[Available records]
※

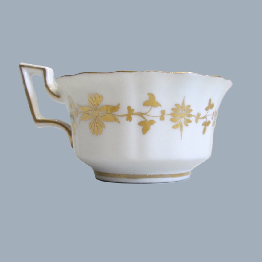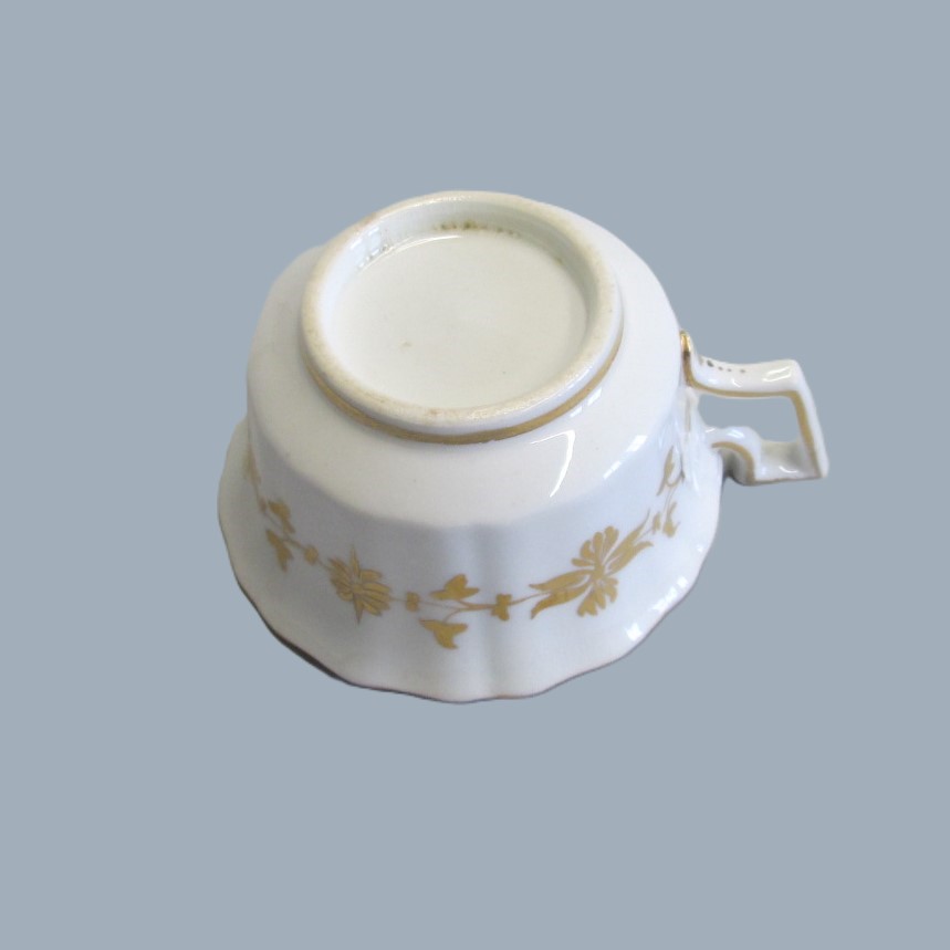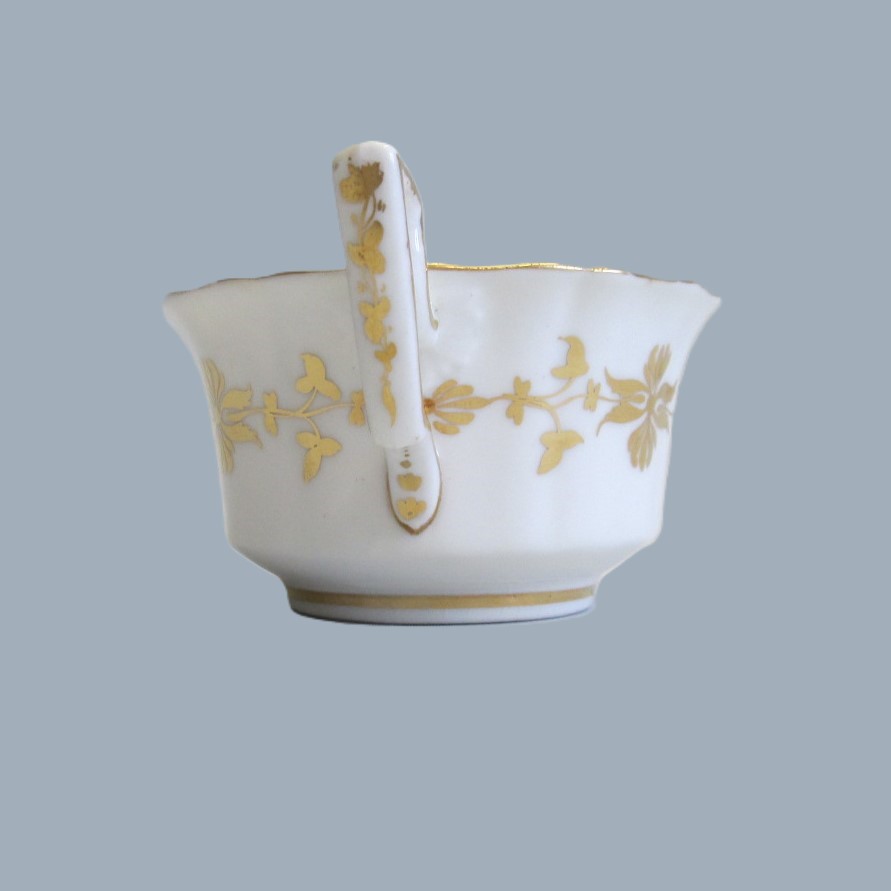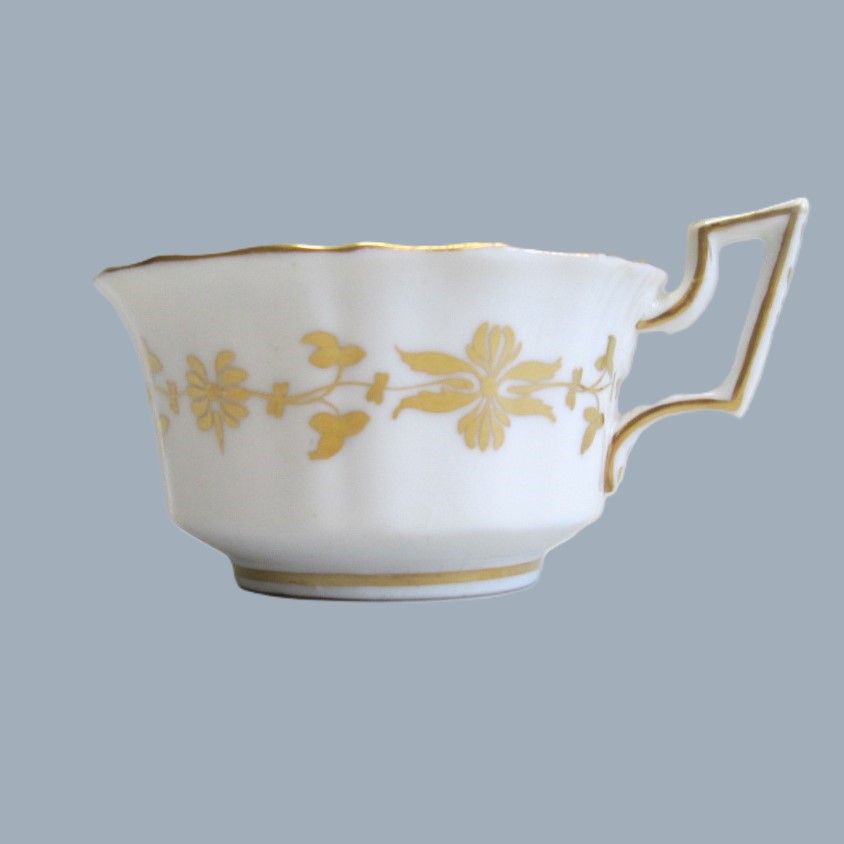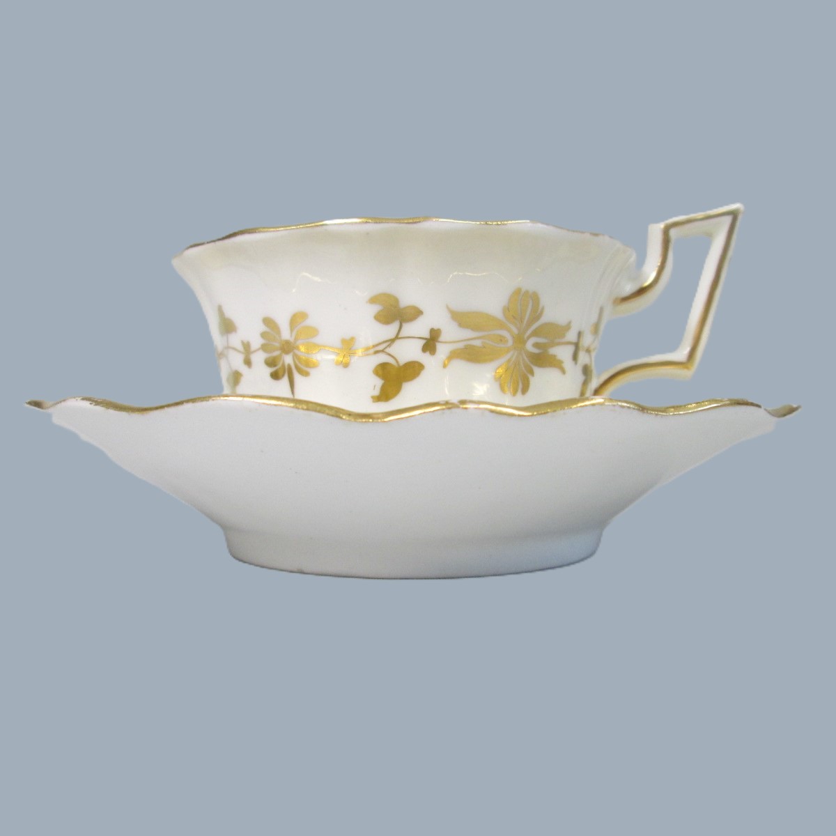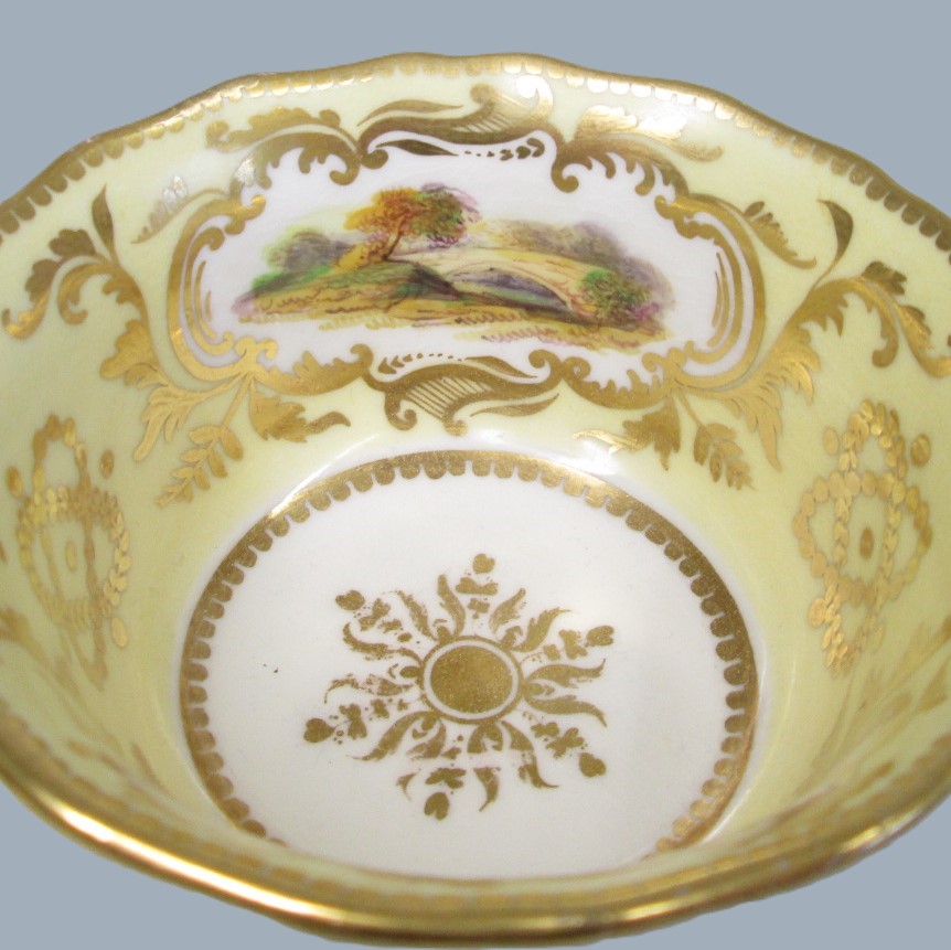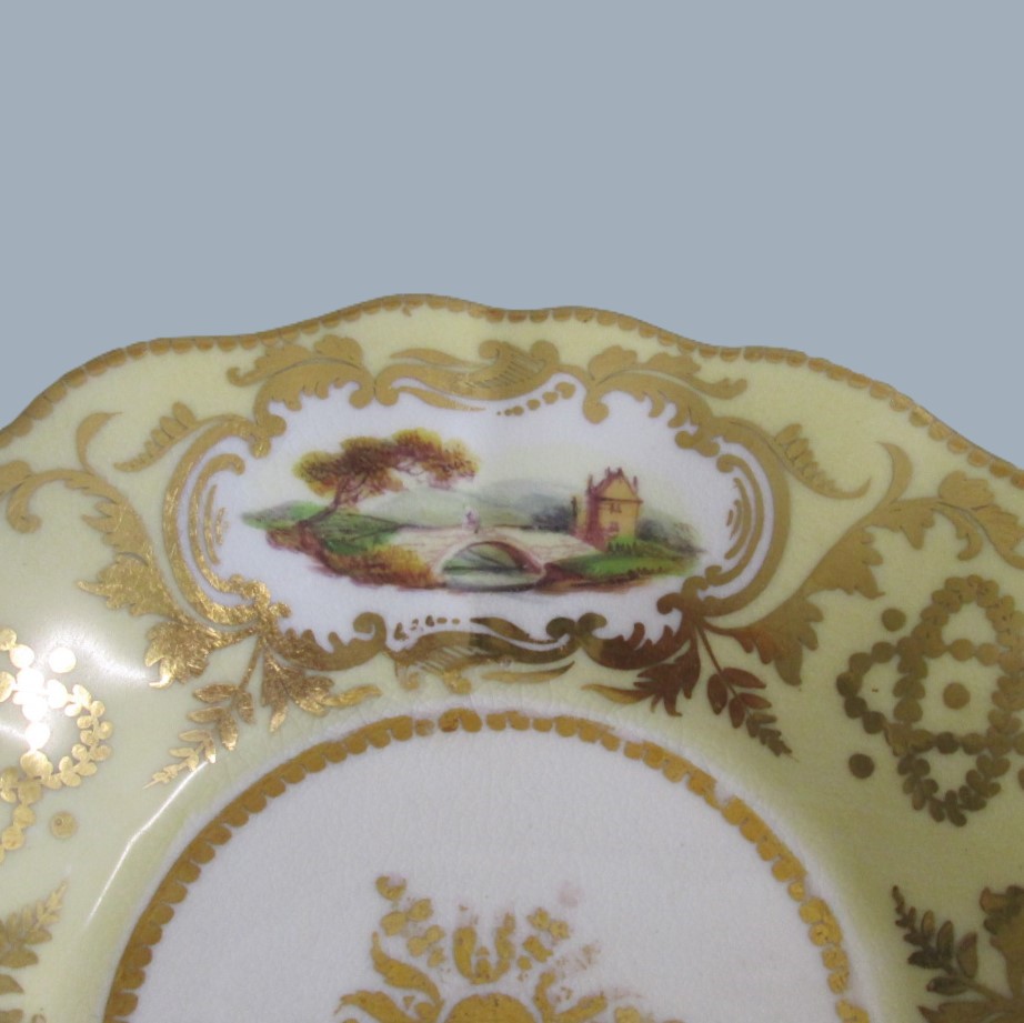 A Coalport porcelain rare yellow ground cup and saucer with three hand decorated English landscapes within shaped cartouches. Circa 1825
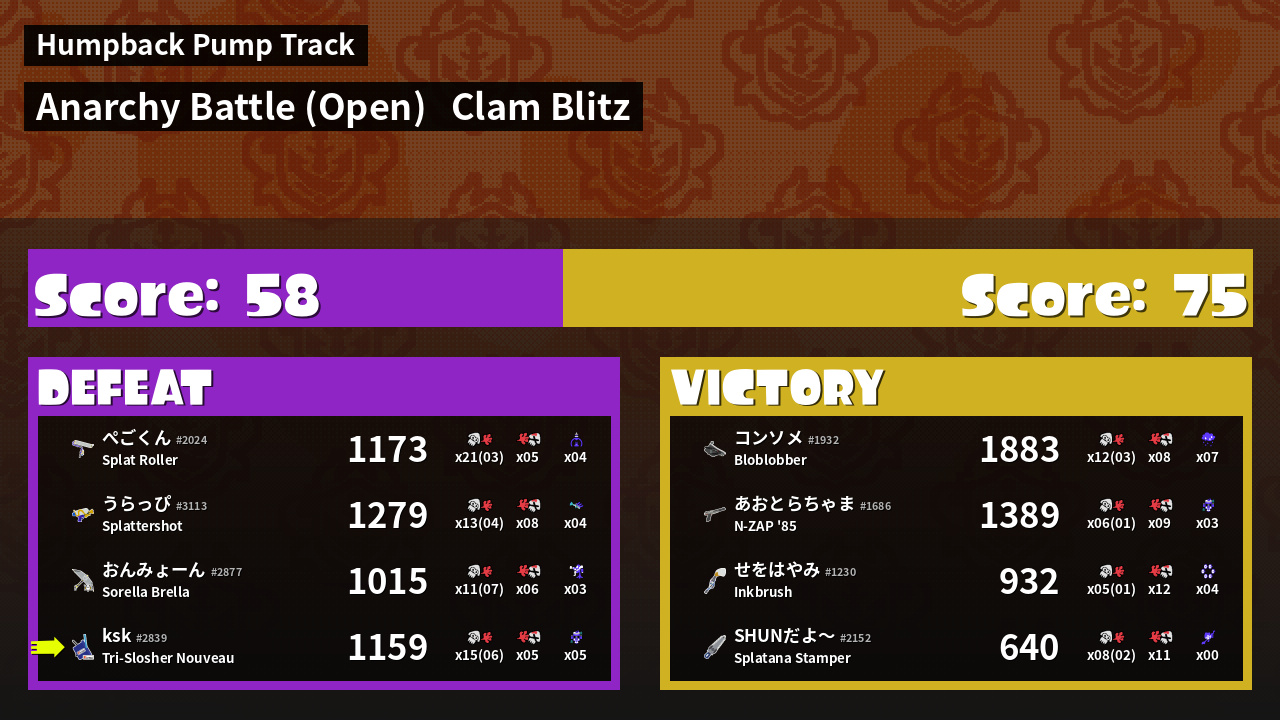 | Mode | Clam Blitz - Anarchy Battle (Open) | ||
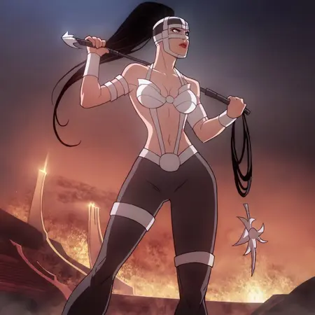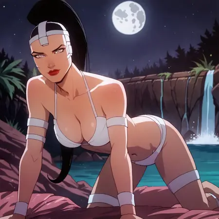 lipstick, black hair, ponytail, long hair, gray eyes, breast, cleavage, mask, armlet, navel, midriff, LashinaSBA
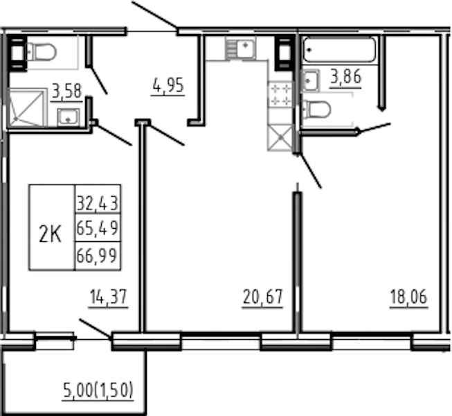 Двухкомнатная квартира на 3-ем этаже 66,99 кв.м
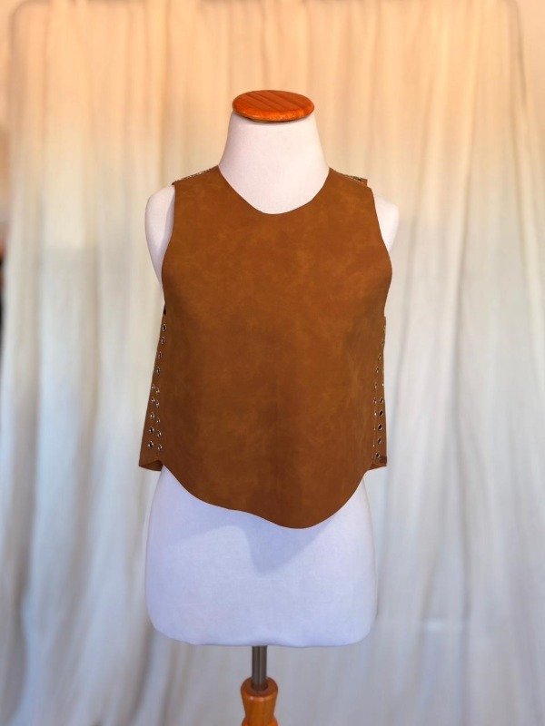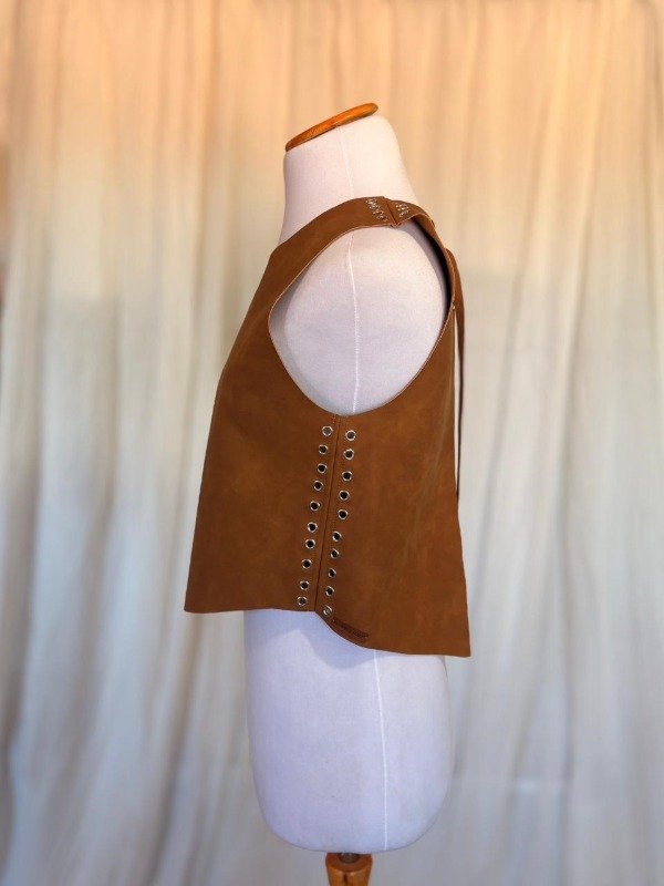 La Pechera Vesper es una pieza statement que eleva cualquier look con un aire contemporáneo y sofisticado. Confeccionada en simil cuero nobuckado (tacto suave), presenta un diseño minimalista al frente que contrasta con detalles laterales y posteriores llenos de carácter.

※

[About this task] From the data above, retype only the lines starting with the line with "Battle (Open) | ||" and going on through the line with "Двухкомнатная квартира на", exactly, leaving out the pictures.

[The completed task]
 | Mode | Clam Blitz - Anarchy Battle (Open) | ||
 lipstick, black hair, ponytail, long hair, gray eyes, breast, cleavage, mask, armlet, navel, midriff, LashinaSBA
 Двухкомнатная квартира на 3-ем этаже 66,99 кв.м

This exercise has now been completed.